--- START ---

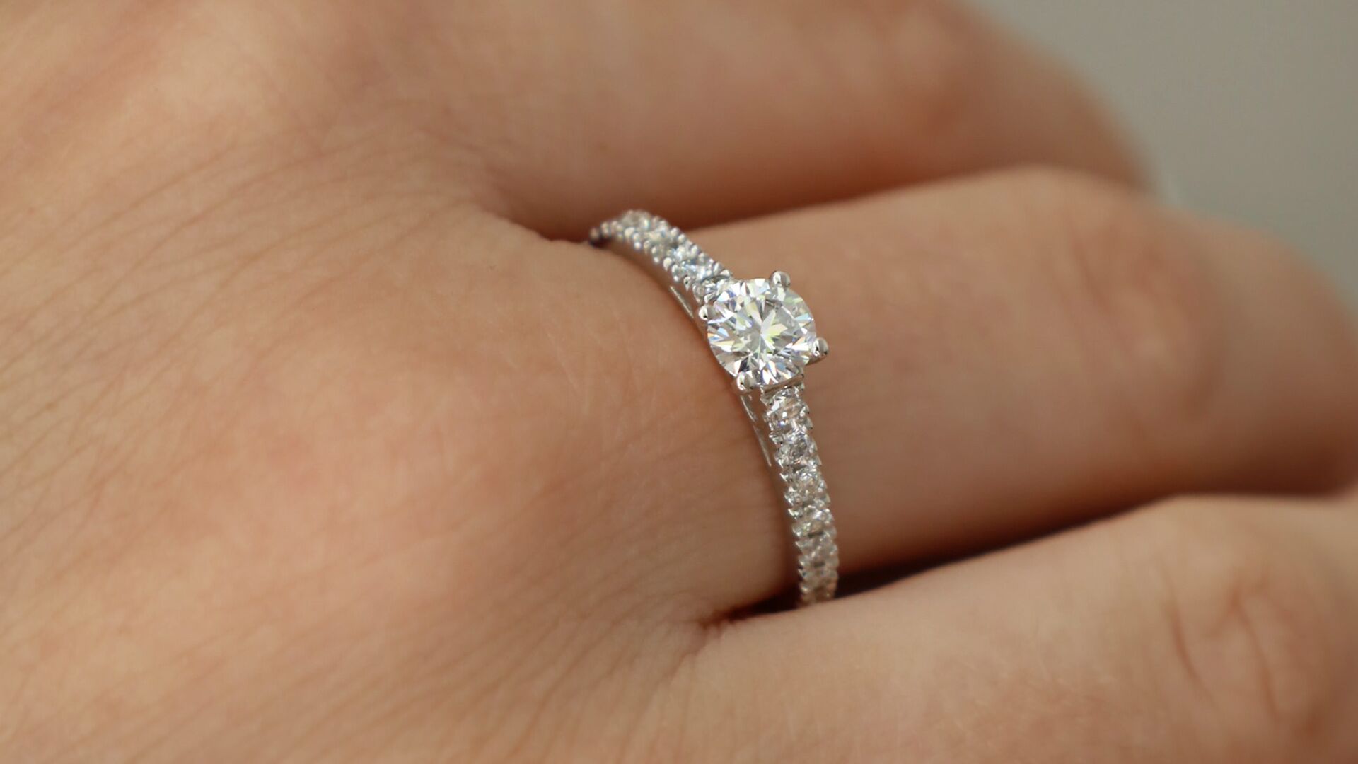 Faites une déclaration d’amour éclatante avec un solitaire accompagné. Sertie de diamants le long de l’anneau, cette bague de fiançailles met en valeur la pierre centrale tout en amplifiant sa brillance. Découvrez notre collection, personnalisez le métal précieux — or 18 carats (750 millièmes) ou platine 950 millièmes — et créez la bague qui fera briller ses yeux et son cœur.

--- END ---
--- START ---

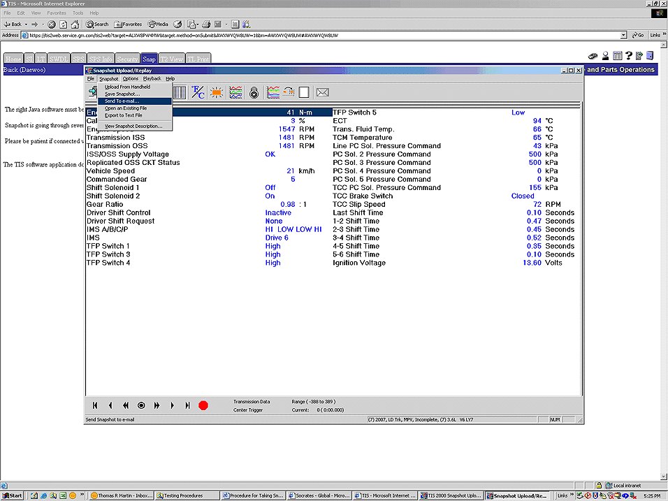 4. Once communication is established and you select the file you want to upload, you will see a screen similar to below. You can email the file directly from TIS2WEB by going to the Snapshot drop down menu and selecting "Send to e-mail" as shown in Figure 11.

--- END ---
--- START ---

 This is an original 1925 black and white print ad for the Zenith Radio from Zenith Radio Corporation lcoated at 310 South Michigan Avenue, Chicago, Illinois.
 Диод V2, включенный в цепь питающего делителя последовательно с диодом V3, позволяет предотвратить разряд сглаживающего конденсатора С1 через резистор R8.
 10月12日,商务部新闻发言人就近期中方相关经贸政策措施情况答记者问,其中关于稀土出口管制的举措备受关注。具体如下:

--- END ---

§ **INSTRUCTIONS FOR THE TASK**:
Only the lines above starting with the one with "Диод V2, включенный" and going through the one with "10月12日,商务部新闻发言" are to be copied, word for word and with both ends kept.

§ **THE COMPLETED TASK**:
 Диод V2, включенный в цепь питающего делителя последовательно с диодом V3, позволяет предотвратить разряд сглаживающего конденсатора С1 через резистор R8.
 10月12日,商务部新闻发言人就近期中方相关经贸政策措施情况答记者问,其中关于稀土出口管制的举措备受关注。具体如下:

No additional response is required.